Cleveland Clinic doctors offering prevention and treatment facts during 'Melanoma Monday'

CLEVELAND, OH (WOIO) - Doctors declare this as "Melanoma Monday."

They're trying to call attention to the most common form of skin cancer.

Melanoma is also the deadliest form of skin cancer.

It's preventable and treatable, if caught early.

"Skin Cancers in general are on the rise. If you look at stats for instance, one in five Americans in their life will develop a skin cancer," said Cleveland Clinic Dermatologist, Dr. Jennifer Lucas.

Lucas has seen many cases of skin cancer, but her patient, Crystal Sgro, is unique.

"I got diagnosed with Melanoma about six years ago. I was in my early 30's. I had two of my three kids at the time and hadn't ever gotten a skin check," said Sgro.

Sgro says she was initially surprised, but realized her behavior may have been to blame.

"Because I was as negligent as I was in my teens and 20's, I've had a lot of other skin cancers since then," said Sgro.

Sgro says one of her biggest mistakes was spending too much time here in the tanning bed -- something that Dr. Lucas says is a major red flag.

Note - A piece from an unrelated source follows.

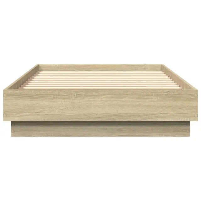 Zagotovite si boljši spanec s tem posteljnim okvirjem z LED lučkami! Je prijeten dodatek za vsako spalnico. Vzdržljiv material: Inženirski les se ponaša z izjemno kakovostjo, gladko površino ter močjo, stabilnostjo in odpornostjo na vlago.RGB LED luči: Posteljni okvir je opremljen z živahnimi RGB LED lučkami. Z različnimi prilagodljivimi meniji lahko brez težav spreminjate barvo luči in celo nastavite njihovo samodejno prilagajanje. Te LED lučke poudarjajo sodoben videz posteljnega okvirja in povečujejo njegovo modno privlačnost.Trdne letvice: Letvice iz vezanega lesa omogočajo dobro porazdelitev teže in zagotavljajo, da vzmetnica ostane na mestu ob vsakem zasuku in obračanju med spanjem. Dobro je vedeti:Vzmetnica ni priložena tej postelji. Ponujamo različno izbiro ležišč. V naši trgovini si lahko ogledate ustrezne vzmetnice.Izdelek ima priključek USB, ki zahteva certificiran vir napajanja 5 V USB (ni priložen).Barva: Sonoma hrastMaterial posteljnega okvirja: Inženirski lesMaterial letvic: Vezan lesCelotne dimenzije: 193 x 78 x 23 cm (D x Š x V)Velikost primerne vzmetnice: 75 x 190 cm (Š x D) (vzmetnica ni priložena)Potrebno sestavljanje: Da Tega izdelka ne uporabljajte, če je katera koli komponenta polomljena, strgana ali manjka. Ta izdelek se napaja z DC 5 V, vendar certificirani 5 V vir napajanja USB ni priložen. Višja napetost lahko povzroči pregrevanje in poškoduje napravo ter povzroči potencialno nevarnost pregrevanja in požara.

"The problem with a tan is that a tan is a reflection of damage. So there is no good tan that a person can have."

But even if you haven't been working on that summer tan, Sgro still want's people who were in her position to take care of themselves.

"Go get checked. It's not that hard to do. Just go in. Have it taken care of once. It's a simple procedure -- a simple thing to do," said Sgro.

The sooner the better.

"If we find it early and we treat it, if it in fact highly treatable. If we find it before it moves beyond the skin, five year survival rates are 99%," said Dr. Lucas.

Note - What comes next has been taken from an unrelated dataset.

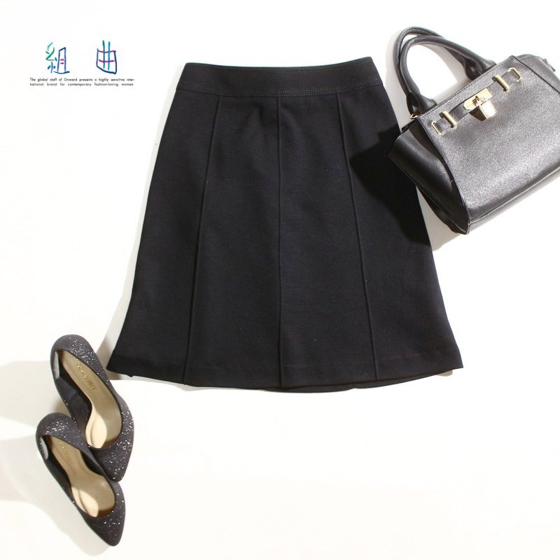 > 美品 組曲 クミキョク 株) オンワード樫山 秋 冬 毛55% Aライン ストレッチ ウールスカート 9号 2 ブラック 黒 通勤 ビジネス オフィス

Here are the ABC's of Melanoma. Use the following as a guide when checking skin.

  • A is for Asymmetry: One half doesn’t match the other.
  • B is for Border irregularity: The edges are ragged, notched or blurred.
  • C is for Color that varies from one area to another.
  • D is for Diameter: Melanomas are usually greater than 6 millimeters (the size of a pencil eraser) when diagnosed, but they can be smaller.
  • E is for Evolving: Look for a mole or skin lesion that looks different from the rest or is changing in size, shape or color.